▶ Work request
From the material below, reproduce exactly the stretch of lines that begins with the line holding "Z walką na wydmach" and ends with the line holding "Apricot Peach &", skipping the pictures.

▶ Records shown
------------------------------------------------------------

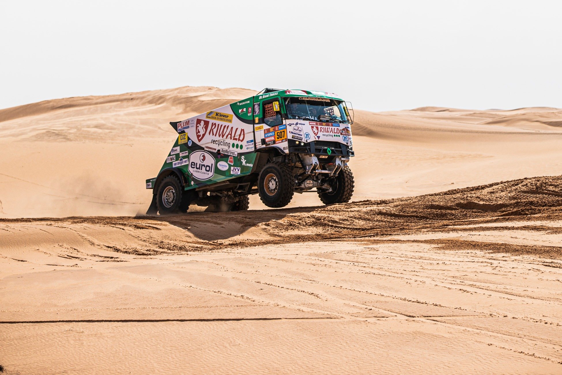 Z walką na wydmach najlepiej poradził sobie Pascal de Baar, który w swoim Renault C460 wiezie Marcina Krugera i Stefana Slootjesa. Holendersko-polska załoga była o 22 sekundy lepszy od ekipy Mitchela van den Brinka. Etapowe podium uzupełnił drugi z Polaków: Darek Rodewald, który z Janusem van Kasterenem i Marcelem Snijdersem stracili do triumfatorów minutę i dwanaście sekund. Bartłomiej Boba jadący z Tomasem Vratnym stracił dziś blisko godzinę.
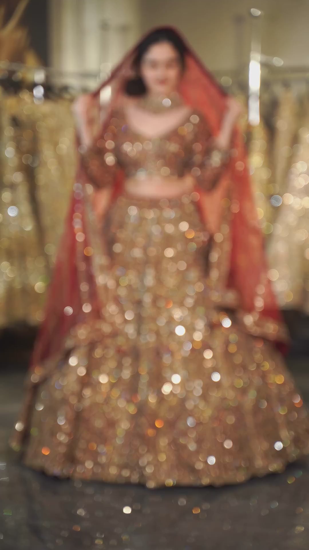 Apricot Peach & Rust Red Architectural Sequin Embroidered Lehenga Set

------------------------------------------------------------

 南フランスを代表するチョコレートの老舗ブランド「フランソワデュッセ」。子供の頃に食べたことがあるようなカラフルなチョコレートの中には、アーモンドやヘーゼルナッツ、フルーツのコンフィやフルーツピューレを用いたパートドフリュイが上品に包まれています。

------------------------------------------------------------

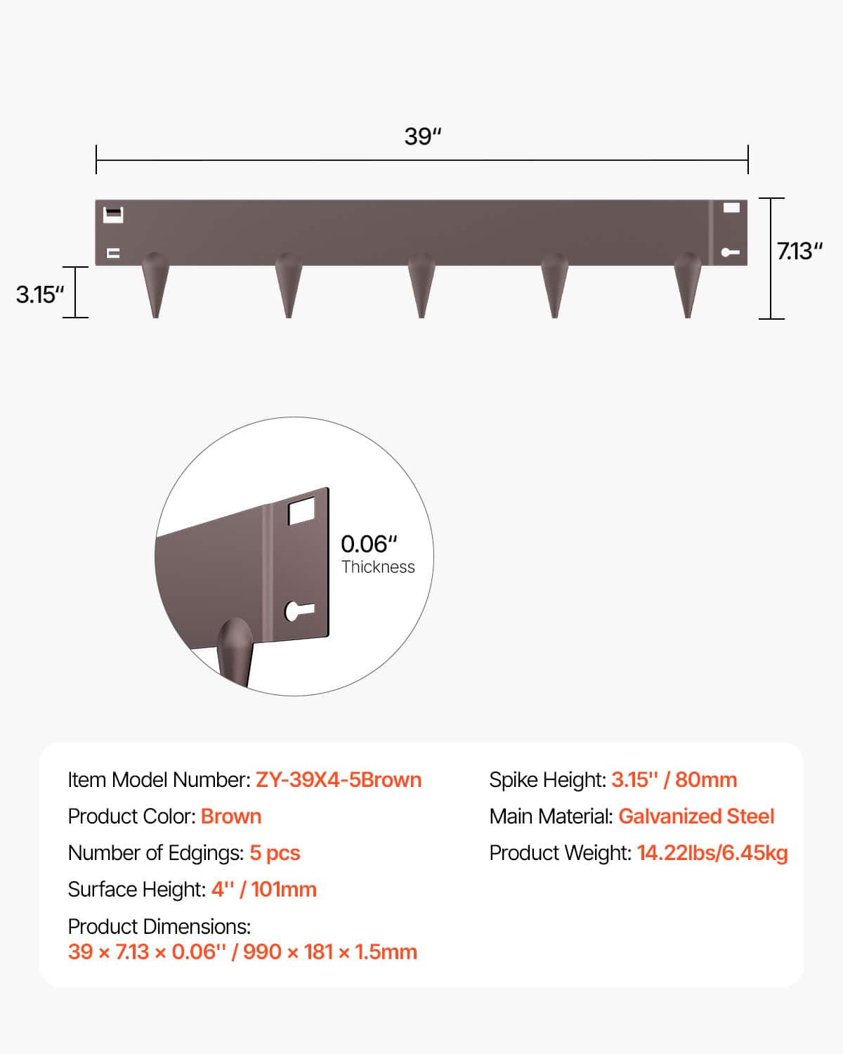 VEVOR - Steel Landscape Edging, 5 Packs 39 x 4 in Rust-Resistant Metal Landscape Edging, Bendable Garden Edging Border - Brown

------------------------------------------------------------

▶ Response
 Z walką na wydmach najlepiej poradził sobie Pascal de Baar, który w swoim Renault C460 wiezie Marcina Krugera i Stefana Slootjesa. Holendersko-polska załoga była o 22 sekundy lepszy od ekipy Mitchela van den Brinka. Etapowe podium uzupełnił drugi z Polaków: Darek Rodewald, który z Janusem van Kasterenem i Marcelem Snijdersem stracili do triumfatorów minutę i dwanaście sekund. Bartłomiej Boba jadący z Tomasem Vratnym stracił dziś blisko godzinę.
 Apricot Peach & Rust Red Architectural Sequin Embroidered Lehenga Set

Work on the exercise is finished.